On Feb 9, 2008 2:42 PM, Charles R Harris <charlesr.harris@gmail.com> wrote:


On Feb 9, 2008 2:29 PM, Francesc Altet <faltet@carabos.com> wrote:
Chuck,

One more thing on this.  I've been doing some benchmarking with my
opt_memcpy() macro in the quicksort_string function, and I should say
that while it is definitely more efficient than my system memcpy for
small values of n (the number of bytes to copy), this doesn't keep true
for all values of n.  For example, for n<16, opt_memcpy() can be more
than 4x faster than system memcpy (and this is why I naively thought
that it would be faster in general).  However, for n>80, memcpy beats
opt_memcpy between a 25% and 100% (depending on whether n is divisible
by 2, 4 or 8).  This is on my Linux system (Ubuntu 7.10), but perhaps
with Windows the behaviour can be different.

I think I would be able to come up with a routine that can offer a
balance between opt_memcpy and system memcpy, but that should take some
time.  So, until I (or anybody else) do more research on this, I think
it would be safer if you use system memcpy for string sorting in NumPy.

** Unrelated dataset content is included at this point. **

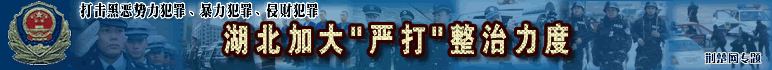 湖北今年嚴(yán)打目標(biāo)確定 省公安廳透露,去冬今春,我省社會治安大局穩(wěn)定,刑事發(fā)案率有所下降,今年將加大嚴(yán)打整治力度,重點(diǎn)打擊黑惡勢力犯罪、暴力犯罪、侵財(cái)犯罪……[詳細(xì)]::武漢警方突襲濱江明珠娛樂城 抓獲45名吸毒者 ::全省交警嚴(yán)查盜搶車 一假警車上查處9塊假車牌::湖北圈定106個(gè)治安整治重點(diǎn) 武漢市5個(gè)地段在列 武漢嚴(yán)打建筑工地惡勢力 [市政法委 各區(qū)舉報(bào)電話][把黑惡勢力趕出工地訪談熱線開通]::武漢市政法委副書記:廣泛發(fā)動群眾鏟除沙霸石霸::漢陽鏟除沙石惡霸團(tuán)伙 行兇兩年作惡無數(shù)(圖)

The memcpy in newer compilers is actually pretty good. For integers and such it sometime compiles inline using integer assignments, but I was loath to make it the default implementation until >= 4.1.x gcc became more common. However, strings might be a good place to use it.

I'm also thinking that at some point it becomes more efficient to do a indirect sort followed by take than to move all those big strings around. But I guess we won't know where that point is until we have both versions available.

Chuck